* [Aim of the task] The expected answer is the data below, printed verbatim without its pictures.

* [Exercise data]
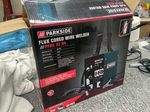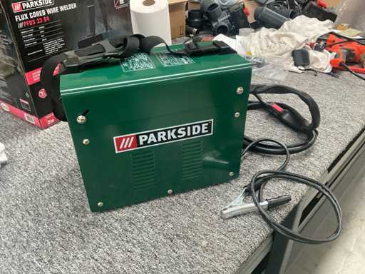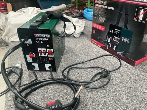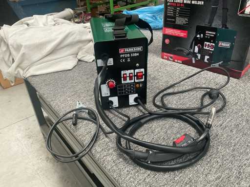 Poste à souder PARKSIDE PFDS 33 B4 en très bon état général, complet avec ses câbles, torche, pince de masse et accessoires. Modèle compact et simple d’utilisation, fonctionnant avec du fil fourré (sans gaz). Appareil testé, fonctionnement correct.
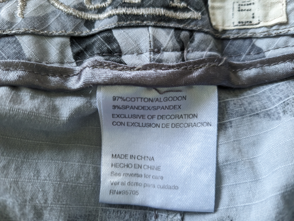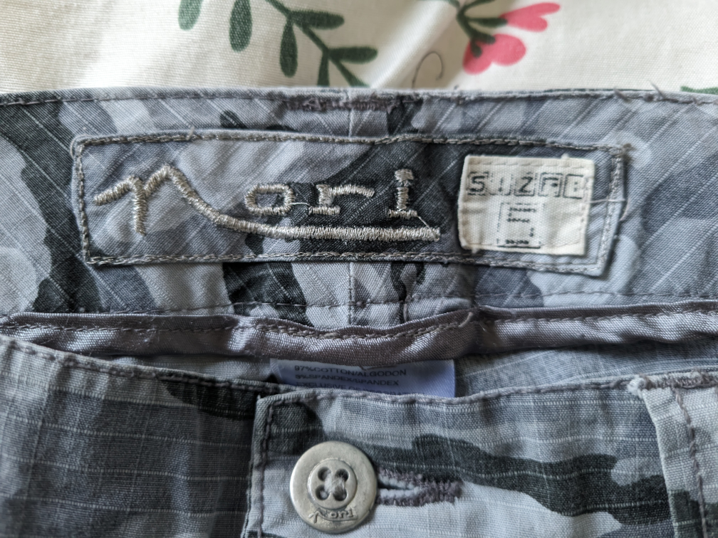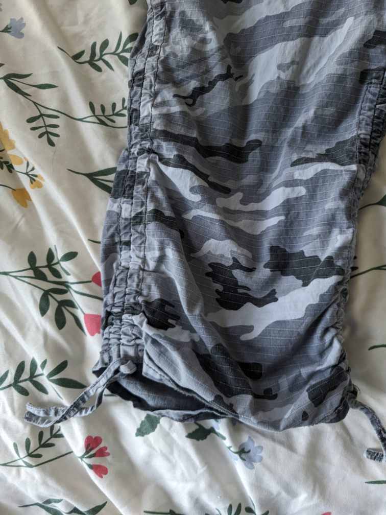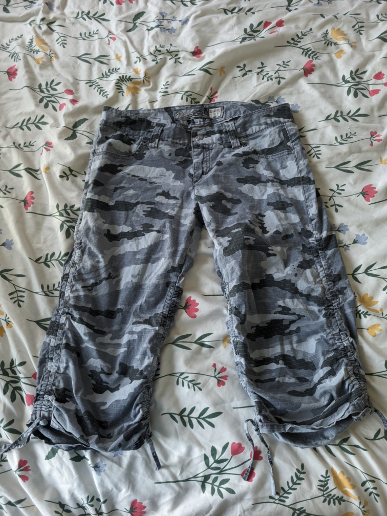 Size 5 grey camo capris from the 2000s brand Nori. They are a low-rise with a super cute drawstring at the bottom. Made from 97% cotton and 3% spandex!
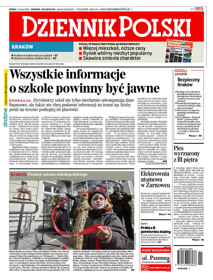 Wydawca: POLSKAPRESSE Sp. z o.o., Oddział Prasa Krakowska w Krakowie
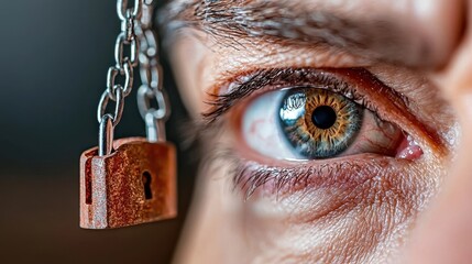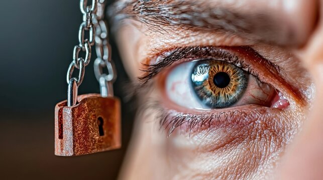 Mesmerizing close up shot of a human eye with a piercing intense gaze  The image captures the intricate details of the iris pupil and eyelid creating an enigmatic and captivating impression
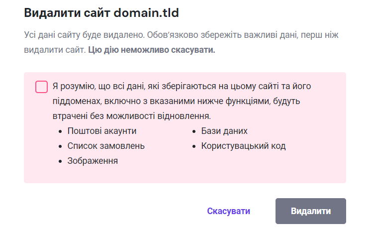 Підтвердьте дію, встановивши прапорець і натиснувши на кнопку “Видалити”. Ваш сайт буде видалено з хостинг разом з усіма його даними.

* [Your response]
 Poste à souder PARKSIDE PFDS 33 B4 en très bon état général, complet avec ses câbles, torche, pince de masse et accessoires. Modèle compact et simple d’utilisation, fonctionnant avec du fil fourré (sans gaz). Appareil testé, fonctionnement correct.
 Size 5 grey camo capris from the 2000s brand Nori. They are a low-rise with a super cute drawstring at the bottom. Made from 97% cotton and 3% spandex!
 Wydawca: POLSKAPRESSE Sp. z o.o., Oddział Prasa Krakowska w Krakowie
 Mesmerizing close up shot of a human eye with a piercing intense gaze  The image captures the intricate details of the iris pupil and eyelid creating an enigmatic and captivating impression
 Підтвердьте дію, встановивши прапорець і натиснувши на кнопку “Видалити”. Ваш сайт буде видалено з хостинг разом з усіма його даними.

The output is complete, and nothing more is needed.